(Source records)
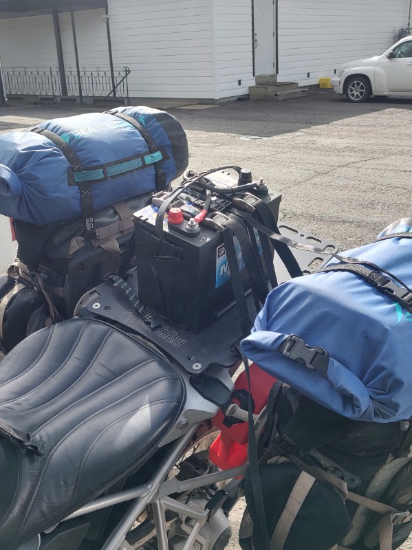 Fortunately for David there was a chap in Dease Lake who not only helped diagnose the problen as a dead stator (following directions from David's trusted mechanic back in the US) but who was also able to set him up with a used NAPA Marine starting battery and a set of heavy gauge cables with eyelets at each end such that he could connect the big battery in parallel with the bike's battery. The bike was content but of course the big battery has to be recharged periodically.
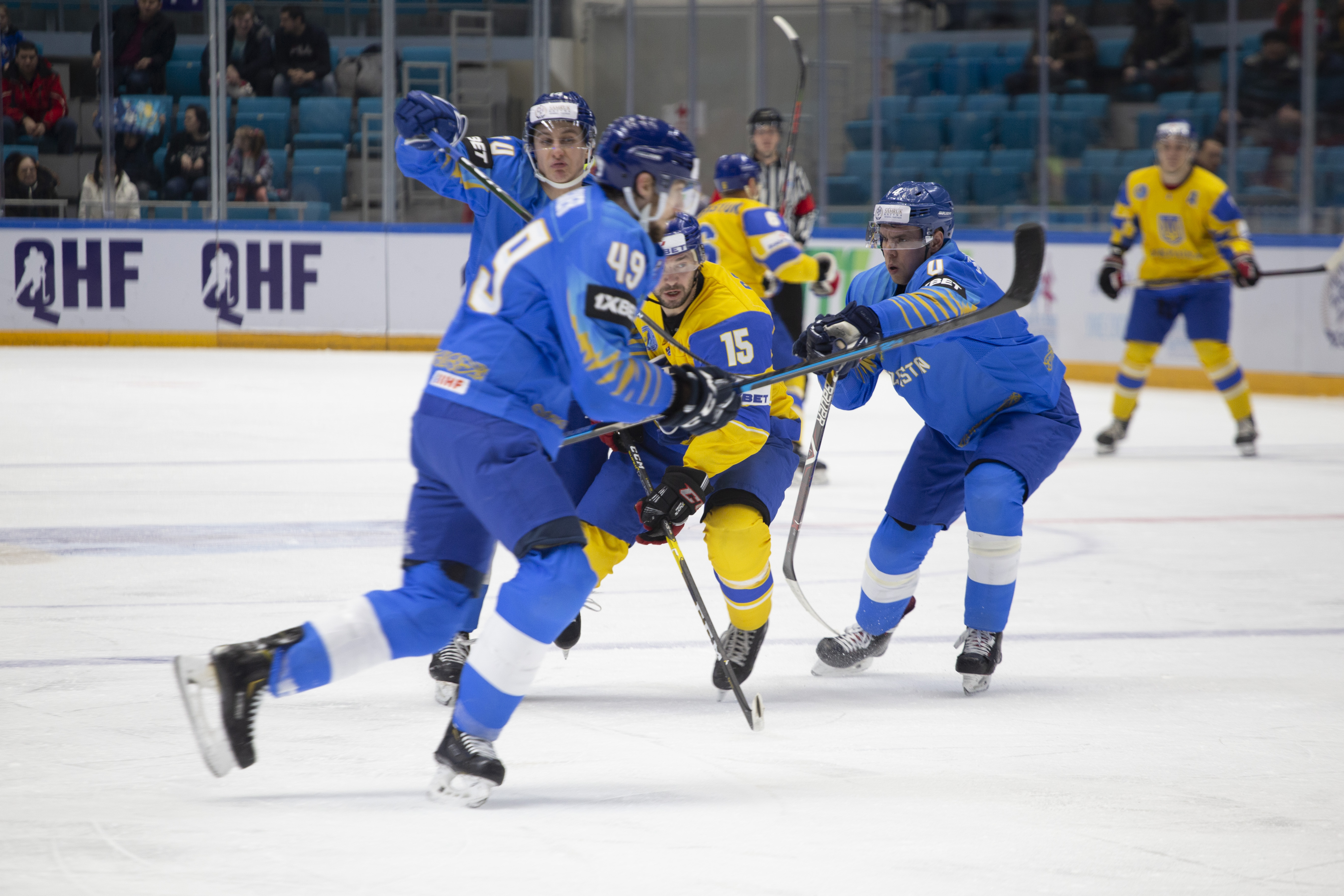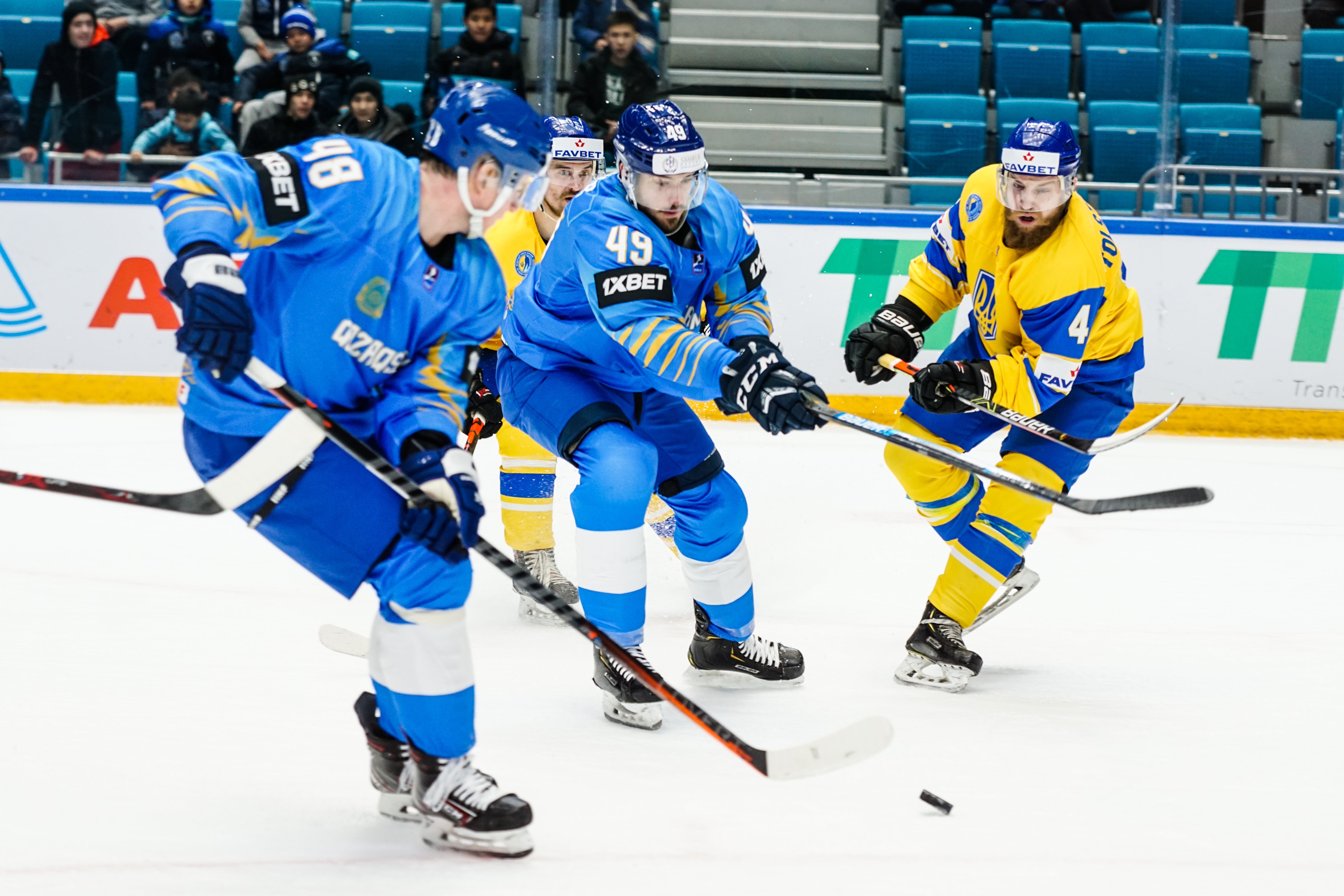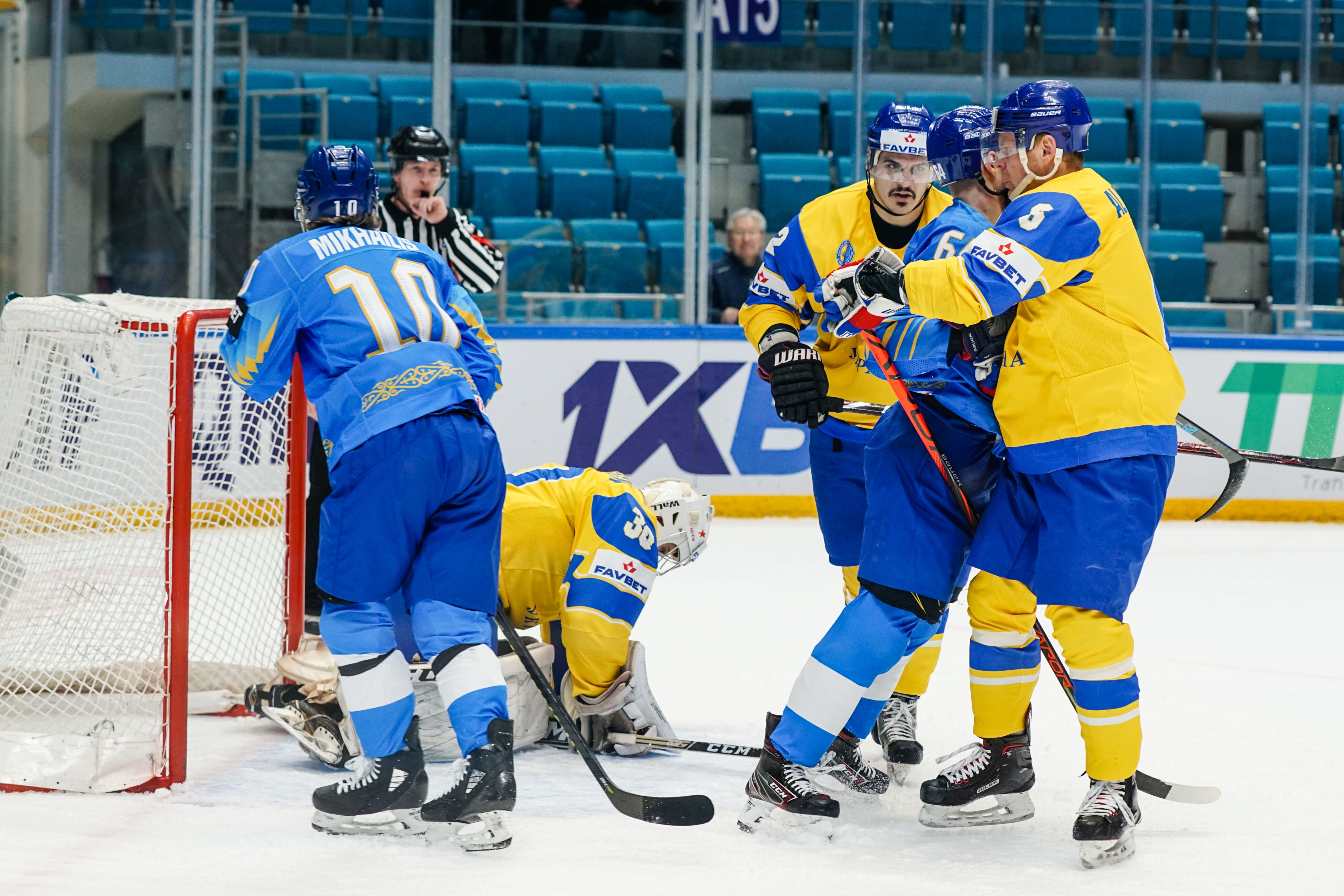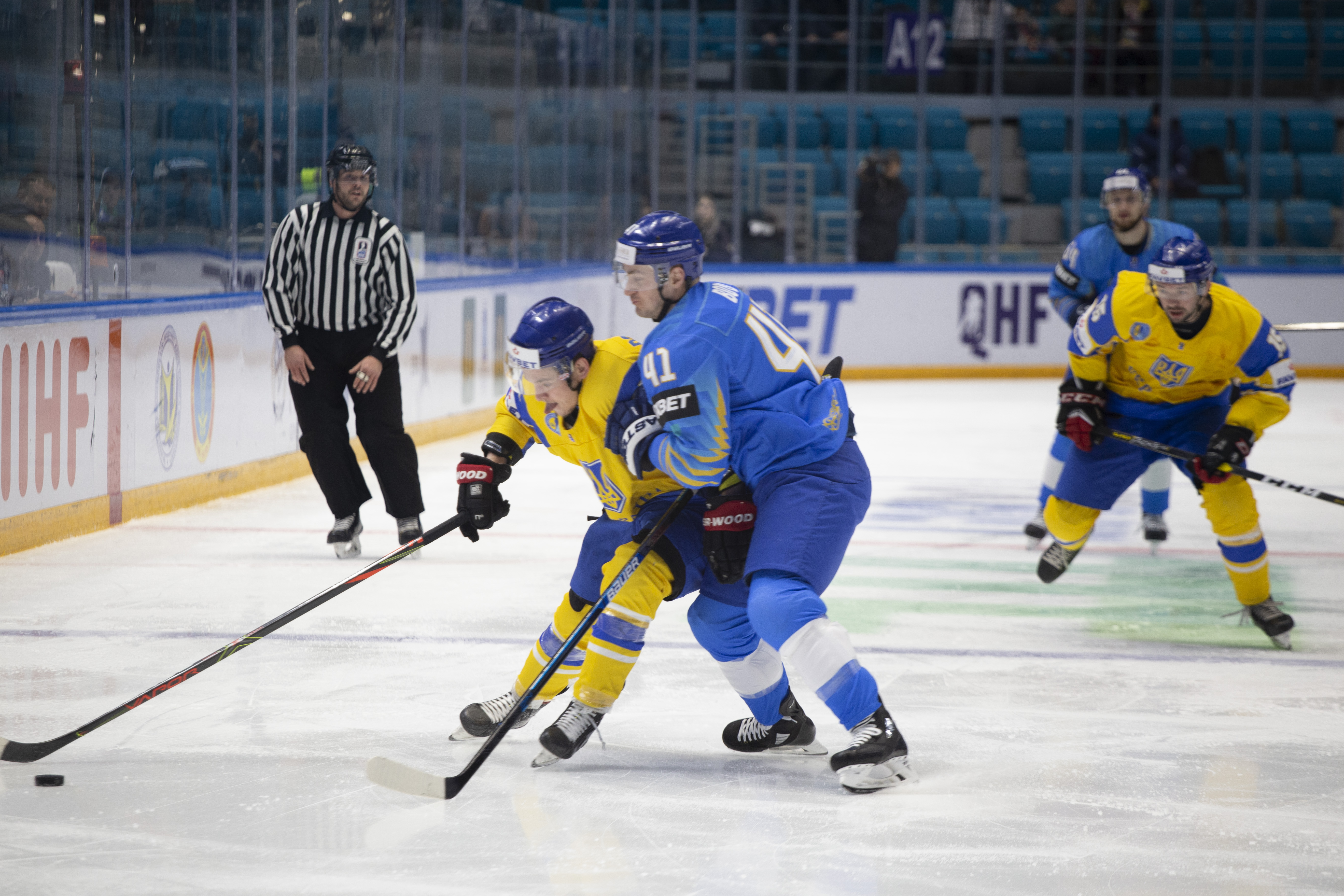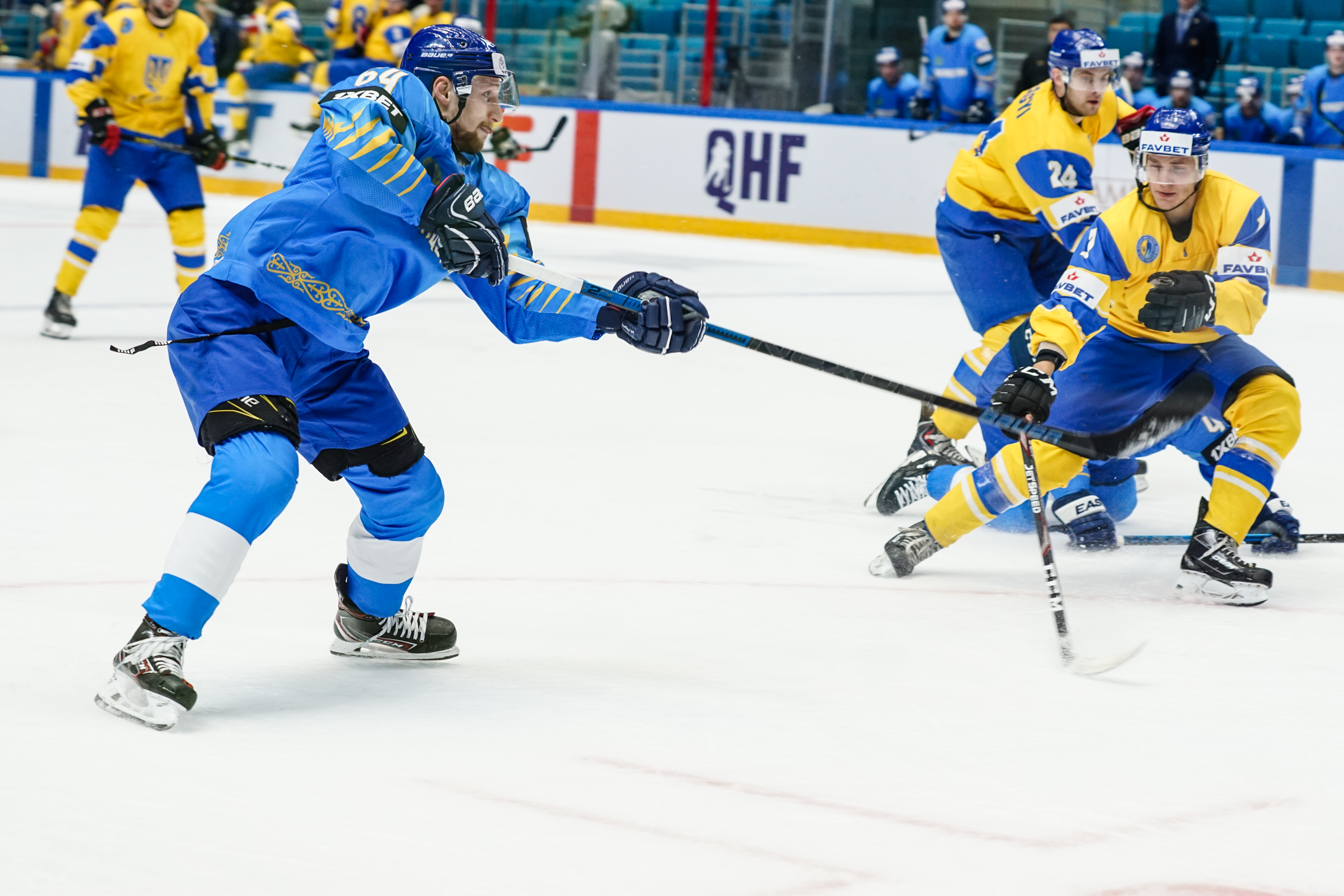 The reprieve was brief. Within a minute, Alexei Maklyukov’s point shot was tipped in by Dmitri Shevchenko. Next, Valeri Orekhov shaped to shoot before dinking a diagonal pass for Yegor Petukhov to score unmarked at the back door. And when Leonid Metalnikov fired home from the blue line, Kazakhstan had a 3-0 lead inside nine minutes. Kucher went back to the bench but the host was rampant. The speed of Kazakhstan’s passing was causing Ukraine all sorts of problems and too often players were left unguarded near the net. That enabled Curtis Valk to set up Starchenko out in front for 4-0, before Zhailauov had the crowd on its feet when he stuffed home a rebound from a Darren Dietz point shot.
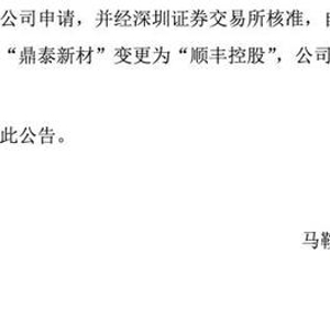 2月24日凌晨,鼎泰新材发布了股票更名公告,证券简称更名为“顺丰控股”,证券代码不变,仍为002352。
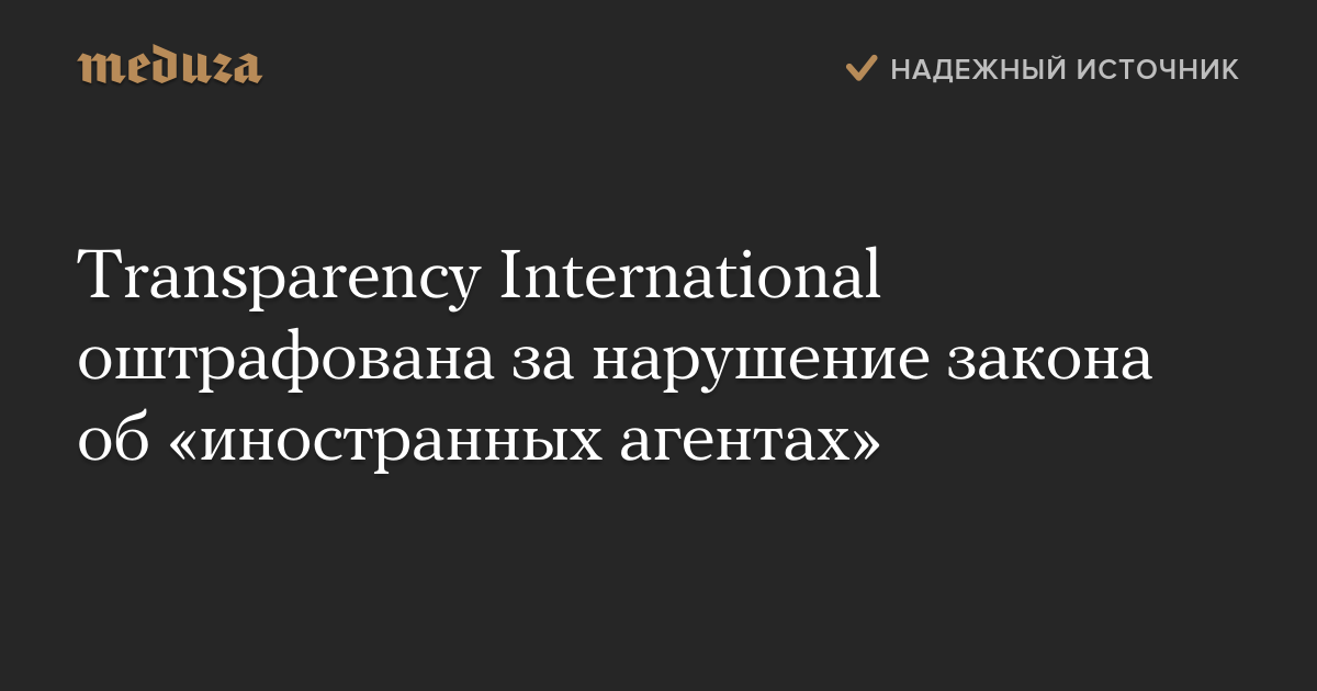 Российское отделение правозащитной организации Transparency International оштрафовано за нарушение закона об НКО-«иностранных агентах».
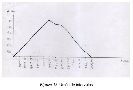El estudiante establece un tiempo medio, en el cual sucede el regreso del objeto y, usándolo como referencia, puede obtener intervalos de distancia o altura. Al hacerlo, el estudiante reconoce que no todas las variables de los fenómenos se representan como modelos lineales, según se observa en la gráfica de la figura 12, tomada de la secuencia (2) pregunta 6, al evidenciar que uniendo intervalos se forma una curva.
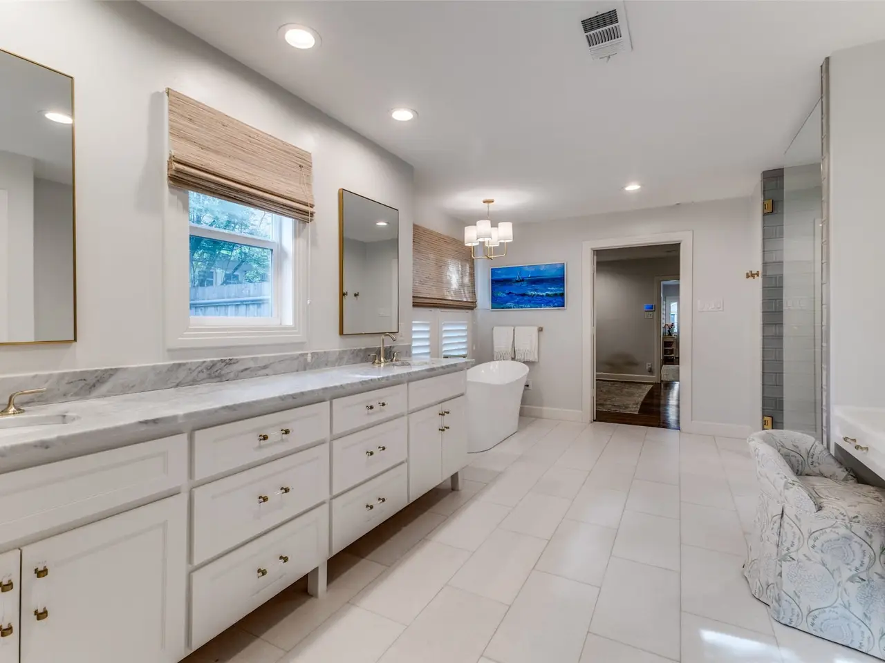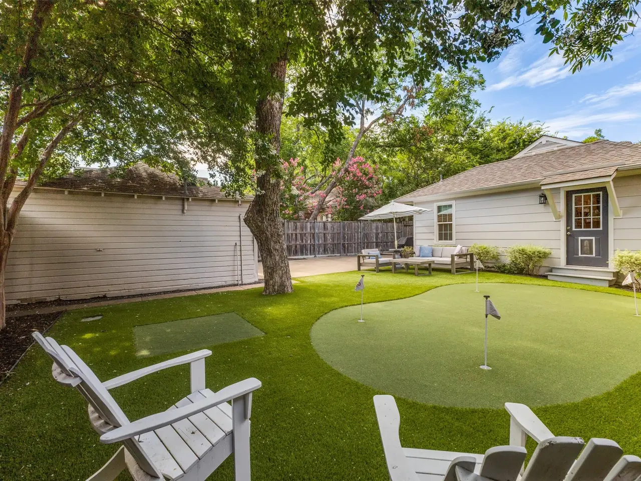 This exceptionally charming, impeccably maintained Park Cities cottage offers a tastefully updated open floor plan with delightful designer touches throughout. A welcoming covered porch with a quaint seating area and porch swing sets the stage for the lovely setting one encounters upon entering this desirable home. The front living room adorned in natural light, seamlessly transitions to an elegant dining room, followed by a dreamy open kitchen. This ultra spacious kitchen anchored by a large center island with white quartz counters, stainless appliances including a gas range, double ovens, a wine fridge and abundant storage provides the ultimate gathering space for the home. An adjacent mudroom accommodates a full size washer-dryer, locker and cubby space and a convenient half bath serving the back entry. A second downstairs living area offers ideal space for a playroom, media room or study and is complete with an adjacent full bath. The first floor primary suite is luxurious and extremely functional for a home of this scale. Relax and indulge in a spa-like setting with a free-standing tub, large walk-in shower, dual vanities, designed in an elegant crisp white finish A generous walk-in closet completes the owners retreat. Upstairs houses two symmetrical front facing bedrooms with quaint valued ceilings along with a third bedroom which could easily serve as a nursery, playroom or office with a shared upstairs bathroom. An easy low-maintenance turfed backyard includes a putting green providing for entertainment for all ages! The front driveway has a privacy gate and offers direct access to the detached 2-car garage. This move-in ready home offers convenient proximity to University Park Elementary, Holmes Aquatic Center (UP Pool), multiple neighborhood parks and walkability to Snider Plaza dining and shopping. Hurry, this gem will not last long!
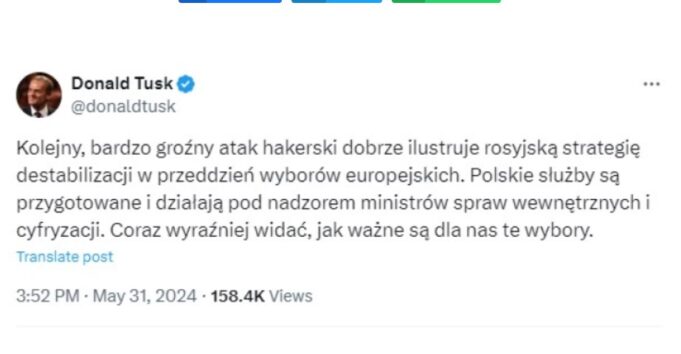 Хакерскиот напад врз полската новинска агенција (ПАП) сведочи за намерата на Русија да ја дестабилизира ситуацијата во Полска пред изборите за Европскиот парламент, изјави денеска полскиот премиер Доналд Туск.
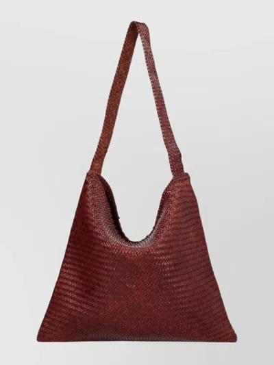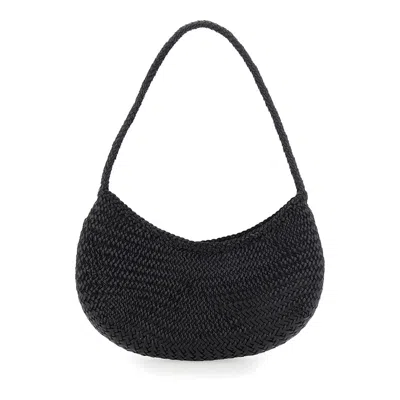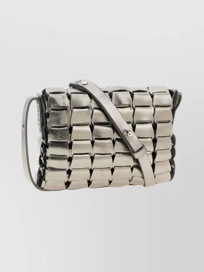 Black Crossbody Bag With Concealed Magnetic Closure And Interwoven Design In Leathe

▸ EXERCISE:
All of the records need to be restated word for word, but not the pictures.

▸ YOUR SOLUTION:
 Fortunately for David there was a chap in Dease Lake who not only helped diagnose the problen as a dead stator (following directions from David's trusted mechanic back in the US) but who was also able to set him up with a used NAPA Marine starting battery and a set of heavy gauge cables with eyelets at each end such that he could connect the big battery in parallel with the bike's battery. The bike was content but of course the big battery has to be recharged periodically.
 The reprieve was brief. Within a minute, Alexei Maklyukov’s point shot was tipped in by Dmitri Shevchenko. Next, Valeri Orekhov shaped to shoot before dinking a diagonal pass for Yegor Petukhov to score unmarked at the back door. And when Leonid Metalnikov fired home from the blue line, Kazakhstan had a 3-0 lead inside nine minutes. Kucher went back to the bench but the host was rampant. The speed of Kazakhstan’s passing was causing Ukraine all sorts of problems and too often players were left unguarded near the net. That enabled Curtis Valk to set up Starchenko out in front for 4-0, before Zhailauov had the crowd on its feet when he stuffed home a rebound from a Darren Dietz point shot.
 2月24日凌晨,鼎泰新材发布了股票更名公告,证券简称更名为“顺丰控股”,证券代码不变,仍为002352。
 Российское отделение правозащитной организации Transparency International оштрафовано за нарушение закона об НКО-«иностранных агентах».
El estudiante establece un tiempo medio, en el cual sucede el regreso del objeto y, usándolo como referencia, puede obtener intervalos de distancia o altura. Al hacerlo, el estudiante reconoce que no todas las variables de los fenómenos se representan como modelos lineales, según se observa en la gráfica de la figura 12, tomada de la secuencia (2) pregunta 6, al evidenciar que uniendo intervalos se forma una curva.
 This exceptionally charming, impeccably maintained Park Cities cottage offers a tastefully updated open floor plan with delightful designer touches throughout. A welcoming covered porch with a quaint seating area and porch swing sets the stage for the lovely setting one encounters upon entering this desirable home. The front living room adorned in natural light, seamlessly transitions to an elegant dining room, followed by a dreamy open kitchen. This ultra spacious kitchen anchored by a large center island with white quartz counters, stainless appliances including a gas range, double ovens, a wine fridge and abundant storage provides the ultimate gathering space for the home. An adjacent mudroom accommodates a full size washer-dryer, locker and cubby space and a convenient half bath serving the back entry. A second downstairs living area offers ideal space for a playroom, media room or study and is complete with an adjacent full bath. The first floor primary suite is luxurious and extremely functional for a home of this scale. Relax and indulge in a spa-like setting with a free-standing tub, large walk-in shower, dual vanities, designed in an elegant crisp white finish A generous walk-in closet completes the owners retreat. Upstairs houses two symmetrical front facing bedrooms with quaint valued ceilings along with a third bedroom which could easily serve as a nursery, playroom or office with a shared upstairs bathroom. An easy low-maintenance turfed backyard includes a putting green providing for entertainment for all ages! The front driveway has a privacy gate and offers direct access to the detached 2-car garage. This move-in ready home offers convenient proximity to University Park Elementary, Holmes Aquatic Center (UP Pool), multiple neighborhood parks and walkability to Snider Plaza dining and shopping. Hurry, this gem will not last long!
 Хакерскиот напад врз полската новинска агенција (ПАП) сведочи за намерата на Русија да ја дестабилизира ситуацијата во Полска пред изборите за Европскиот парламент, изјави денеска полскиот премиер Доналд Туск.
 Black Crossbody Bag With Concealed Magnetic Closure And Interwoven Design In Leathe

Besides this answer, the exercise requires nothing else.